While there again may be geopolitical considerations around tech regulations and governance best-practices (e.g., contrary to how some might frame it, could privacy rules make US firms more trustworthy overseas?), overfocusing on those points ignores the inherent need to curb these digital abuses at home. As a nation that should strive to uphold democratic ideals, democratic tech regulation is critical in and of itself.
Fixating purely on geopolitical reasons to curb digital harms in the US can also do damage beyond distracting from its normative importance. In her book The Known Citizen: A History of Privacy in Modern America, Sarah E. Igo notes that during the Cold War, “from the vantage point of those charged with the nation’s security, the risks inherent in A-bombs and subversive activity explained the need to know, test, and vet people as thoroughly as possible.” In a fashion akin to the present, policymakers were so concerned about real and perceived threats to state security that they expanded surveillance powers. But this, Igo writes, raised a question: “The inquisitorial procedures of the House Un-American Activities Committee, the use of political informants, the state controls over information and the press, and the policing of dissent, all in the name of staunching the Communist threat, led some to ask: Was the United States approximating its totalitarian foe in the effort to contain it?”

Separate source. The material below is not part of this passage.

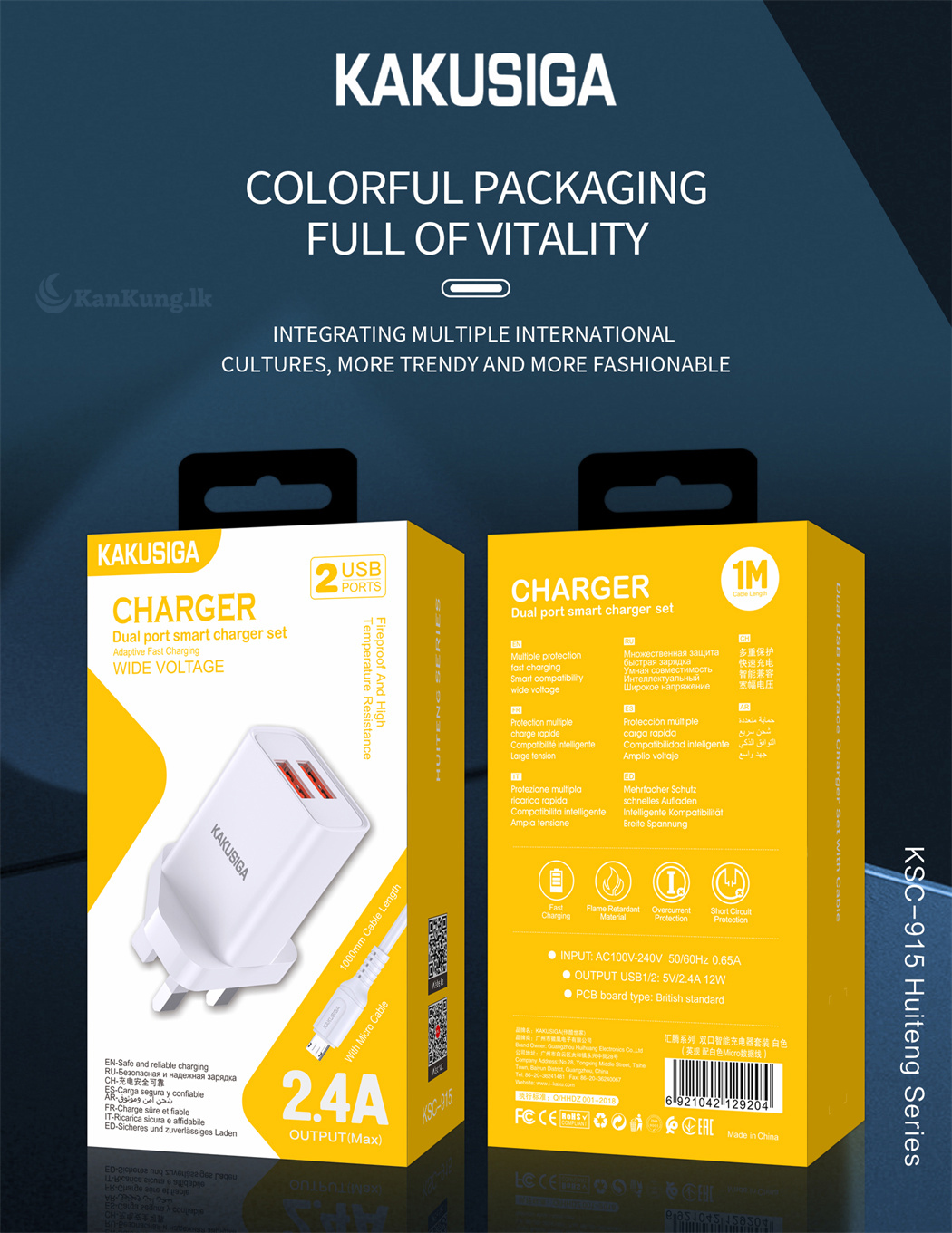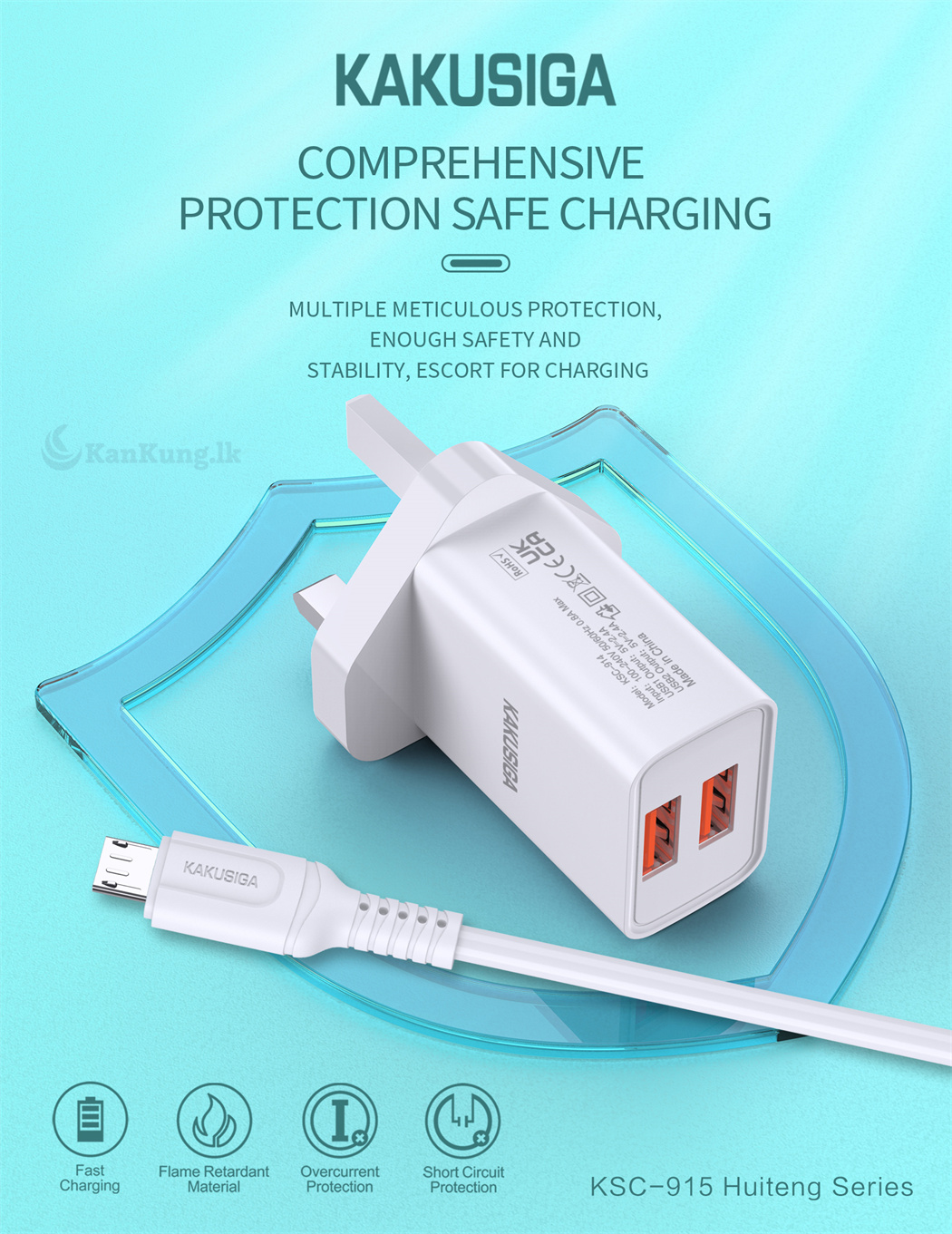 Engineered for safety, this charger comes with multiple layers of protection, including overcurrent, short circuit, and temperature resistance to safeguard your devices. Its flame-retardant design further ensures long-term durability. Enjoy fast and reliable charging with the Kakusiga Dual Port Smart Charger, your all-in-one charging solution.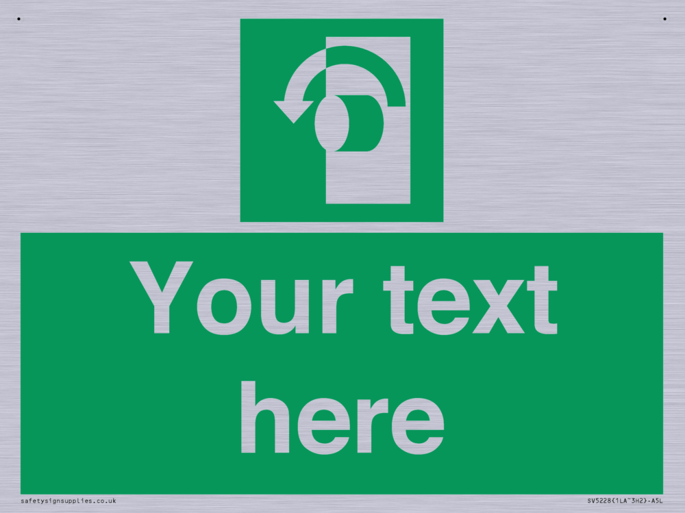 Function: To signify that the doorknob of a security door on an escape route must be turned in an anticlockwise direction in order for the opening device to operate.

It shouldn’t have taken recent protests to bring surveillance issues to the fore; many scholars and activists have been raising alarms for years. But it is time that those speaking of democratic tech regulation only because of geopolitical competition, or only because we don’t want “digital authoritarianism” (though we shouldn’t), explicitly recognize the inherent importance of curbing digital harms to equitably protect everyone in the US. A functioning democracy requires it.